**Data to examine:**
+ + + + +

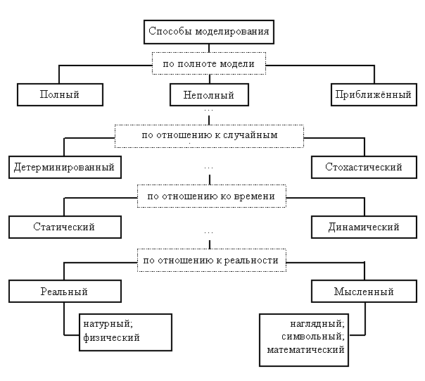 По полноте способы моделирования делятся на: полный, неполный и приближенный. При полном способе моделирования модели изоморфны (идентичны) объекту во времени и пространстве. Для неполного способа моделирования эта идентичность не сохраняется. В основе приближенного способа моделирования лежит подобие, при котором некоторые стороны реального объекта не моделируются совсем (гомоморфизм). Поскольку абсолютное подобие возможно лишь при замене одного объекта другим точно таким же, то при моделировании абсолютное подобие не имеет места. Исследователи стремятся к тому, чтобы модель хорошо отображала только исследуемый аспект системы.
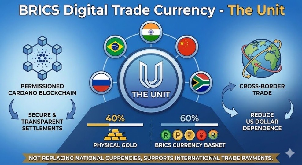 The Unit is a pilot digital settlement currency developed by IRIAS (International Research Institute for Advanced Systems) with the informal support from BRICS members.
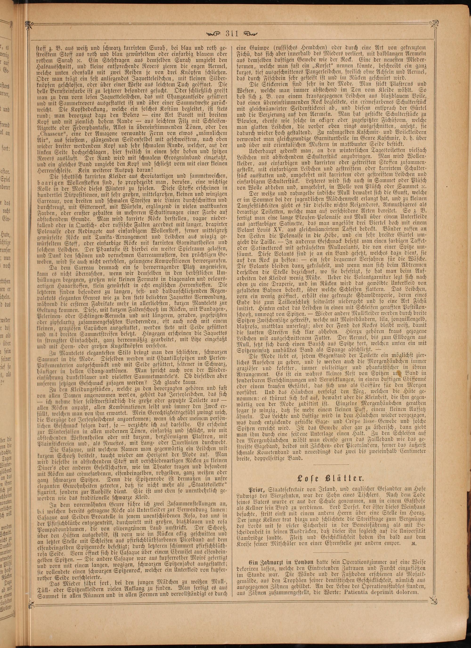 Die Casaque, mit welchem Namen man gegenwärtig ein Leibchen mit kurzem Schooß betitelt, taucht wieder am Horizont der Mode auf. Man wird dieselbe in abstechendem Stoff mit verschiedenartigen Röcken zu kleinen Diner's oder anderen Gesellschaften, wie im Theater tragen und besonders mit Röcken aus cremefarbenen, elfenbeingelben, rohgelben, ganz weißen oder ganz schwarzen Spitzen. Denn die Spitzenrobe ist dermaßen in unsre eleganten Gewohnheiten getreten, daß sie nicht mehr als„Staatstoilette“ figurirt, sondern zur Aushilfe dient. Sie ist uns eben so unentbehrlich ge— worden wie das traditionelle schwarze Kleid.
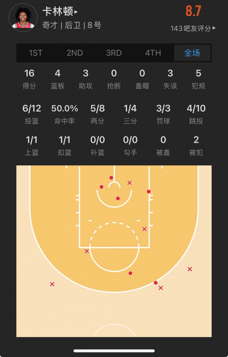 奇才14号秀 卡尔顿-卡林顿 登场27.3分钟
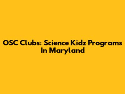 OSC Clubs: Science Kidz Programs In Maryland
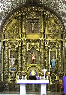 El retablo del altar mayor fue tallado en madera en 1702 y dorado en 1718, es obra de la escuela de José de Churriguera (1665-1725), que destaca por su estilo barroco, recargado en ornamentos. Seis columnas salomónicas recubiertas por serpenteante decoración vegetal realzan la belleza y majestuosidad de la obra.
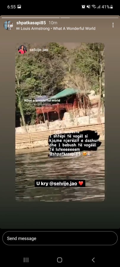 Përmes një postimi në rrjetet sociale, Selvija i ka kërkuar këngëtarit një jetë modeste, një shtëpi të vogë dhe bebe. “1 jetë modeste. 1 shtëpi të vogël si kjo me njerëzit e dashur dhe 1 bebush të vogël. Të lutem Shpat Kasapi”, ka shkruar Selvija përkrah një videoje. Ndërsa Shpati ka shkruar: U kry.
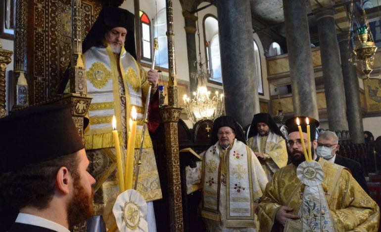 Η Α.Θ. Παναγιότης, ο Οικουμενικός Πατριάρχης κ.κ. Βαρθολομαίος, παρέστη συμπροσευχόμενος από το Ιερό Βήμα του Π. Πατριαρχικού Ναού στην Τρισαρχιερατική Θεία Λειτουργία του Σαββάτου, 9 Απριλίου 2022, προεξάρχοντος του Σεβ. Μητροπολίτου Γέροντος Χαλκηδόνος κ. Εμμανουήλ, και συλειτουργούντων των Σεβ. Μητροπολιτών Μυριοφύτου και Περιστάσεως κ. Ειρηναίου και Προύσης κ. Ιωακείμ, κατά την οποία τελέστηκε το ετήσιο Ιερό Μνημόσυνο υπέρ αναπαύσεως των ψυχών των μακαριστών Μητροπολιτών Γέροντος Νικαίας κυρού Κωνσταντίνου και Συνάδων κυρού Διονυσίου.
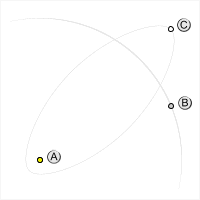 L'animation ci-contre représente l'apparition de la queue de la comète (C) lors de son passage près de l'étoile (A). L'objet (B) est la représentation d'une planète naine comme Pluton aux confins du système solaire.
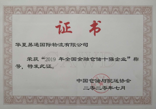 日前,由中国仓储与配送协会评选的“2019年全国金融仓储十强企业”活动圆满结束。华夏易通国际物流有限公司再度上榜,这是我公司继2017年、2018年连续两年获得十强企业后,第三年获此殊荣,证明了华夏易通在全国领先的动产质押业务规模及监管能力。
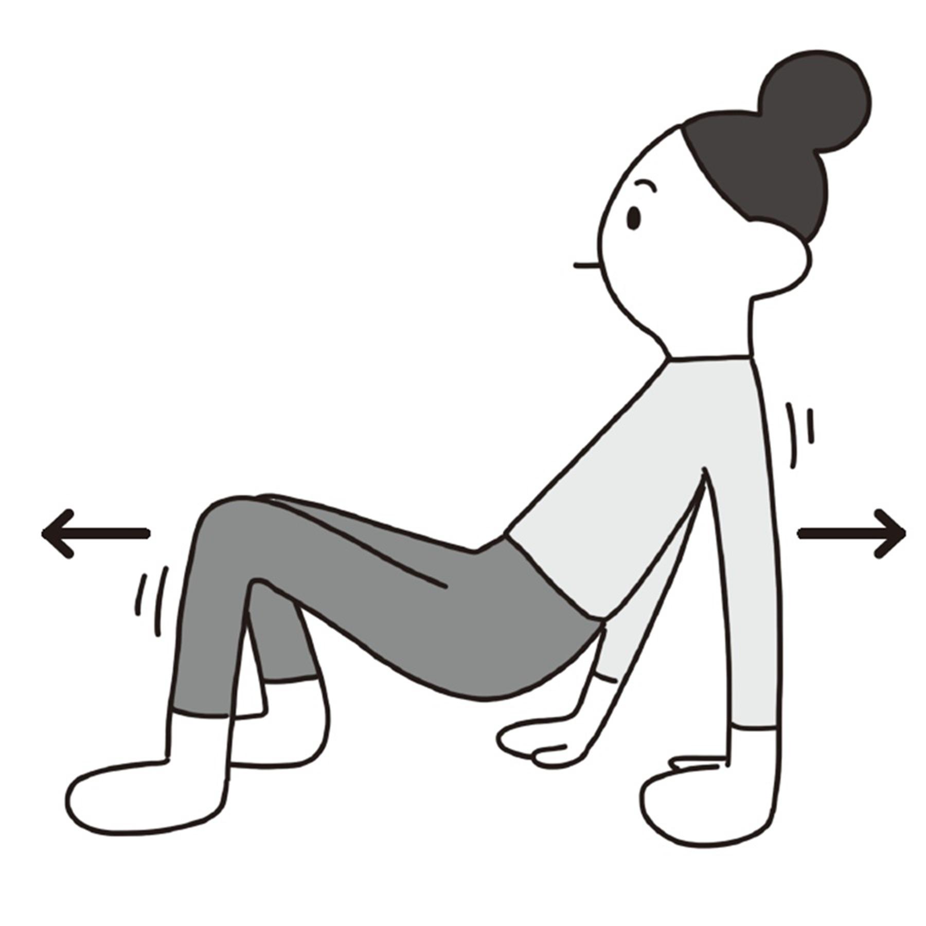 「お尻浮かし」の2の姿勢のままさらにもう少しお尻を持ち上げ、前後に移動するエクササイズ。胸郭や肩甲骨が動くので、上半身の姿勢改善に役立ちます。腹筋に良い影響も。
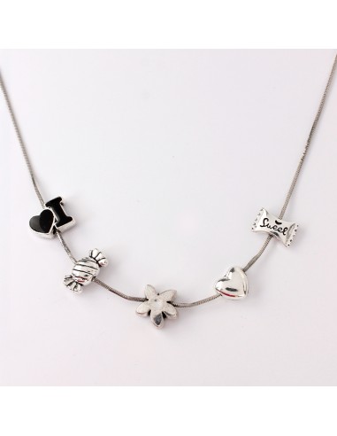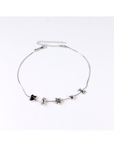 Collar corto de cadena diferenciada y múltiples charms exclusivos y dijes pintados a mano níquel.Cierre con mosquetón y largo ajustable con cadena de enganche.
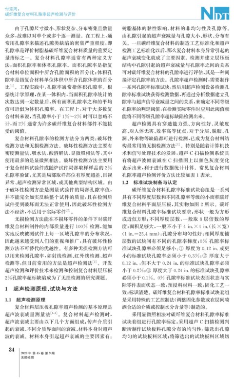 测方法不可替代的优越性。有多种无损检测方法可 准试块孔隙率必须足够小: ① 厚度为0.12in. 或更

+ + + + +

**What is being asked:** From the material above, output every line exactly as written, dropping any picture.

**Task result:**
 По полноте способы моделирования делятся на: полный, неполный и приближенный. При полном способе моделирования модели изоморфны (идентичны) объекту во времени и пространстве. Для неполного способа моделирования эта идентичность не сохраняется. В основе приближенного способа моделирования лежит подобие, при котором некоторые стороны реального объекта не моделируются совсем (гомоморфизм). Поскольку абсолютное подобие возможно лишь при замене одного объекта другим точно таким же, то при моделировании абсолютное подобие не имеет места. Исследователи стремятся к тому, чтобы модель хорошо отображала только исследуемый аспект системы.
 The Unit is a pilot digital settlement currency developed by IRIAS (International Research Institute for Advanced Systems) with the informal support from BRICS members.
 Die Casaque, mit welchem Namen man gegenwärtig ein Leibchen mit kurzem Schooß betitelt, taucht wieder am Horizont der Mode auf. Man wird dieselbe in abstechendem Stoff mit verschiedenartigen Röcken zu kleinen Diner's oder anderen Gesellschaften, wie im Theater tragen und besonders mit Röcken aus cremefarbenen, elfenbeingelben, rohgelben, ganz weißen oder ganz schwarzen Spitzen. Denn die Spitzenrobe ist dermaßen in unsre eleganten Gewohnheiten getreten, daß sie nicht mehr als„Staatstoilette“ figurirt, sondern zur Aushilfe dient. Sie ist uns eben so unentbehrlich ge— worden wie das traditionelle schwarze Kleid.
 奇才14号秀 卡尔顿-卡林顿 登场27.3分钟
 OSC Clubs: Science Kidz Programs In Maryland
 El retablo del altar mayor fue tallado en madera en 1702 y dorado en 1718, es obra de la escuela de José de Churriguera (1665-1725), que destaca por su estilo barroco, recargado en ornamentos. Seis columnas salomónicas recubiertas por serpenteante decoración vegetal realzan la belleza y majestuosidad de la obra.
 Përmes një postimi në rrjetet sociale, Selvija i ka kërkuar këngëtarit një jetë modeste, një shtëpi të vogë dhe bebe. “1 jetë modeste. 1 shtëpi të vogël si kjo me njerëzit e dashur dhe 1 bebush të vogël. Të lutem Shpat Kasapi”, ka shkruar Selvija përkrah një videoje. Ndërsa Shpati ka shkruar: U kry.
 Η Α.Θ. Παναγιότης, ο Οικουμενικός Πατριάρχης κ.κ. Βαρθολομαίος, παρέστη συμπροσευχόμενος από το Ιερό Βήμα του Π. Πατριαρχικού Ναού στην Τρισαρχιερατική Θεία Λειτουργία του Σαββάτου, 9 Απριλίου 2022, προεξάρχοντος του Σεβ. Μητροπολίτου Γέροντος Χαλκηδόνος κ. Εμμανουήλ, και συλειτουργούντων των Σεβ. Μητροπολιτών Μυριοφύτου και Περιστάσεως κ. Ειρηναίου και Προύσης κ. Ιωακείμ, κατά την οποία τελέστηκε το ετήσιο Ιερό Μνημόσυνο υπέρ αναπαύσεως των ψυχών των μακαριστών Μητροπολιτών Γέροντος Νικαίας κυρού Κωνσταντίνου και Συνάδων κυρού Διονυσίου.
 L'animation ci-contre représente l'apparition de la queue de la comète (C) lors de son passage près de l'étoile (A). L'objet (B) est la représentation d'une planète naine comme Pluton aux confins du système solaire.
 日前,由中国仓储与配送协会评选的“2019年全国金融仓储十强企业”活动圆满结束。华夏易通国际物流有限公司再度上榜,这是我公司继2017年、2018年连续两年获得十强企业后,第三年获此殊荣,证明了华夏易通在全国领先的动产质押业务规模及监管能力。
 「お尻浮かし」の2の姿勢のままさらにもう少しお尻を持ち上げ、前後に移動するエクササイズ。胸郭や肩甲骨が動くので、上半身の姿勢改善に役立ちます。腹筋に良い影響も。
 Collar corto de cadena diferenciada y múltiples charms exclusivos y dijes pintados a mano níquel.Cierre con mosquetón y largo ajustable con cadena de enganche.
 测方法不可替代的优越性。有多种无损检测方法可 准试块孔隙率必须足够小: ① 厚度为0.12in. 或更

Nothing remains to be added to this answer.